#### INFORMATION PROVIDED
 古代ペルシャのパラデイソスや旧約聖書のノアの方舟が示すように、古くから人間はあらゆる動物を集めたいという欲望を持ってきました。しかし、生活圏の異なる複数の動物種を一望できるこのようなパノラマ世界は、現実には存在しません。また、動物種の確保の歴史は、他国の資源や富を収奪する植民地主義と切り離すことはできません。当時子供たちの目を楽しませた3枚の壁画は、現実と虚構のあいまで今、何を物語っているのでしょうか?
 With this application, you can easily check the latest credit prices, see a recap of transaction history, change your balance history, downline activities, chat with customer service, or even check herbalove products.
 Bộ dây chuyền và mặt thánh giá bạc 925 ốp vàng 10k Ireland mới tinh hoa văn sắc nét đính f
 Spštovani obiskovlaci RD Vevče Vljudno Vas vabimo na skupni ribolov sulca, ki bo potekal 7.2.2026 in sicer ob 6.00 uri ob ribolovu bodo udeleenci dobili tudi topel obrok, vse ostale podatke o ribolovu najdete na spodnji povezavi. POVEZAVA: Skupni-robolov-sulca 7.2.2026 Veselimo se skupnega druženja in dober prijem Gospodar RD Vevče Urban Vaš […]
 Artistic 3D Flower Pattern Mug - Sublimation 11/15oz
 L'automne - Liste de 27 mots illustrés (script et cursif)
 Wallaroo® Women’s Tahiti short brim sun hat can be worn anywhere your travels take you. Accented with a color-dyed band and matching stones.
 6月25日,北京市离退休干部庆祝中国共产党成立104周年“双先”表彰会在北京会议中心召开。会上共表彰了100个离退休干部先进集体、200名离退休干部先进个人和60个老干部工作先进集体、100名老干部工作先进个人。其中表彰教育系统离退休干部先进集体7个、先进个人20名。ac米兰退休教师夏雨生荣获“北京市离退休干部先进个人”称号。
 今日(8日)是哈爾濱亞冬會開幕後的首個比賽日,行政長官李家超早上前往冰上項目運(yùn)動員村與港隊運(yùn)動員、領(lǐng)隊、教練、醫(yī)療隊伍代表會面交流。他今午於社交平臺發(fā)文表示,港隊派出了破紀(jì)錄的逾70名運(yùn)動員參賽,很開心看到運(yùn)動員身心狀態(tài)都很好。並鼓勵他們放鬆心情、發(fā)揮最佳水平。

#### WORK INSTRUCTIONS
Report, using only a number, how many lines above hold the word "your".

#### OUTPUT OF THE TASK
2